START RECORD SET

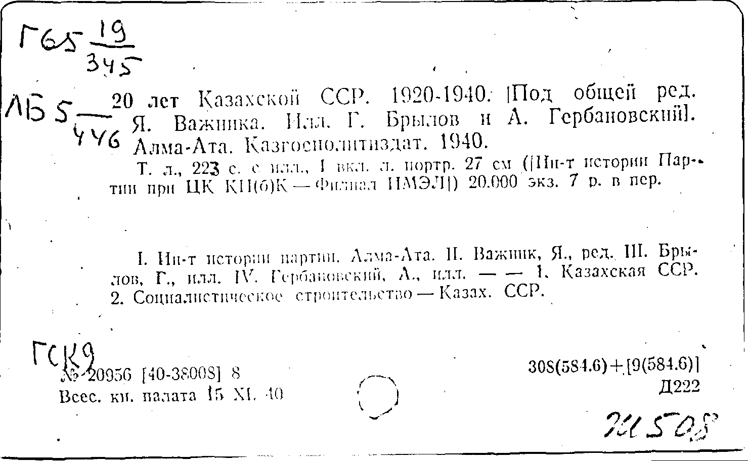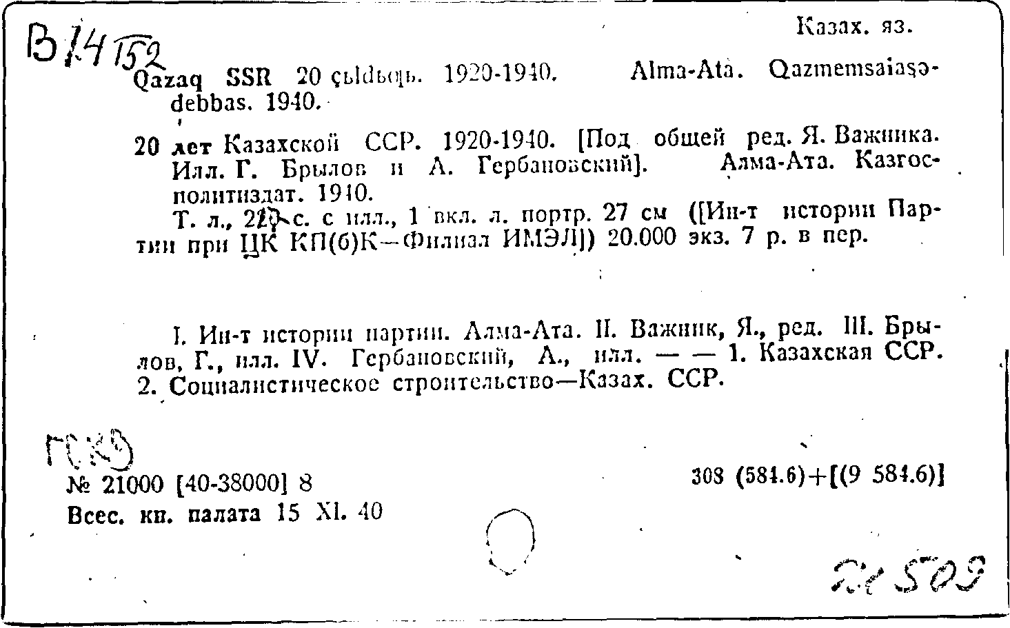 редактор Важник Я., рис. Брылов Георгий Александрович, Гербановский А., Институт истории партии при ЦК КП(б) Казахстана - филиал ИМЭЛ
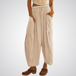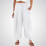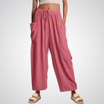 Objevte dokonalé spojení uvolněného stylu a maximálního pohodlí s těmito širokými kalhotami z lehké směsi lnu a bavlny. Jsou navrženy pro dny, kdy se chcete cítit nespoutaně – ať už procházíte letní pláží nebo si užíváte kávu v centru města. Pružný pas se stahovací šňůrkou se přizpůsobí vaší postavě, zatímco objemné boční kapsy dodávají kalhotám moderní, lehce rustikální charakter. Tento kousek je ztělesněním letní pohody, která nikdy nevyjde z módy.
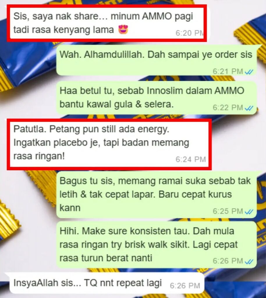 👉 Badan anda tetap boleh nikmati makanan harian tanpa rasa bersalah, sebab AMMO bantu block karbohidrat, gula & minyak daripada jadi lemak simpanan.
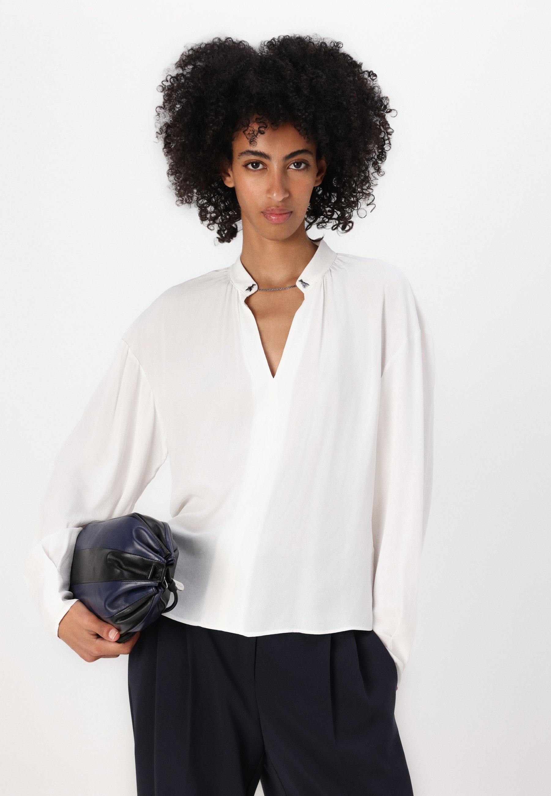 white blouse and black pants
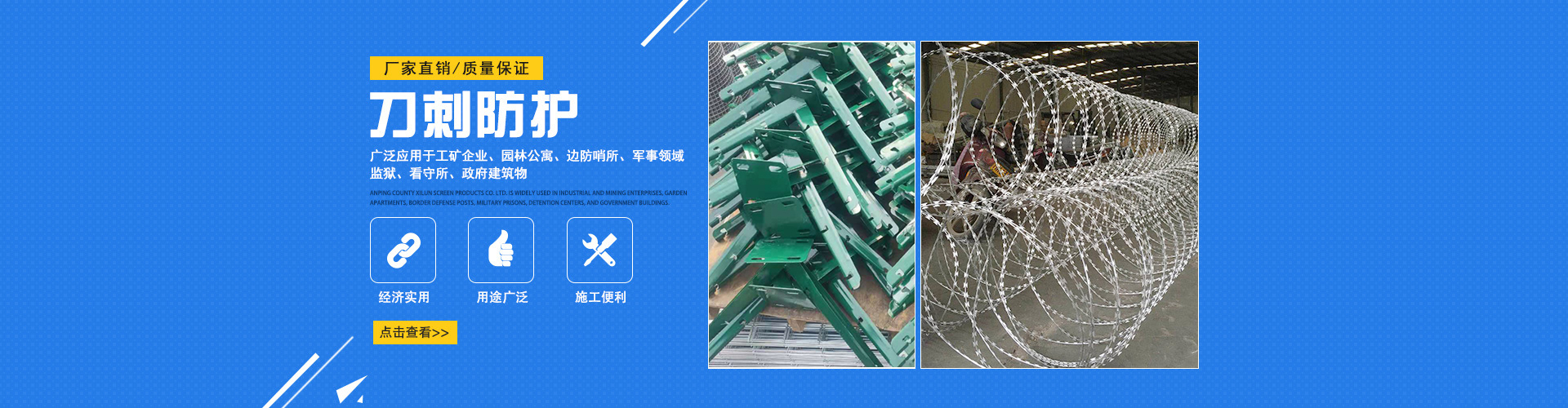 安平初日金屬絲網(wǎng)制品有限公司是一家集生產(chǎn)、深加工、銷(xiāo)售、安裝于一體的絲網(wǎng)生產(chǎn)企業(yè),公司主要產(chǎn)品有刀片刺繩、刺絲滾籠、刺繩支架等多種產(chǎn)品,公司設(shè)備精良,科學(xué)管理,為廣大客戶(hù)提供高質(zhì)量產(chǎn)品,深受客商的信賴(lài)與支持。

END RECORD SET

== ABOUT THIS EXERCISE ==
Please reproduce every record exactly as written, excluding the pictures.

== RESULT OF THE TASK ==
 редактор Важник Я., рис. Брылов Георгий Александрович, Гербановский А., Институт истории партии при ЦК КП(б) Казахстана - филиал ИМЭЛ
 Objevte dokonalé spojení uvolněného stylu a maximálního pohodlí s těmito širokými kalhotami z lehké směsi lnu a bavlny. Jsou navrženy pro dny, kdy se chcete cítit nespoutaně – ať už procházíte letní pláží nebo si užíváte kávu v centru města. Pružný pas se stahovací šňůrkou se přizpůsobí vaší postavě, zatímco objemné boční kapsy dodávají kalhotám moderní, lehce rustikální charakter. Tento kousek je ztělesněním letní pohody, která nikdy nevyjde z módy.
 👉 Badan anda tetap boleh nikmati makanan harian tanpa rasa bersalah, sebab AMMO bantu block karbohidrat, gula & minyak daripada jadi lemak simpanan.
 white blouse and black pants
 安平初日金屬絲網(wǎng)制品有限公司是一家集生產(chǎn)、深加工、銷(xiāo)售、安裝于一體的絲網(wǎng)生產(chǎn)企業(yè),公司主要產(chǎn)品有刀片刺繩、刺絲滾籠、刺繩支架等多種產(chǎn)品,公司設(shè)備精良,科學(xué)管理,為廣大客戶(hù)提供高質(zhì)量產(chǎn)品,深受客商的信賴(lài)與支持。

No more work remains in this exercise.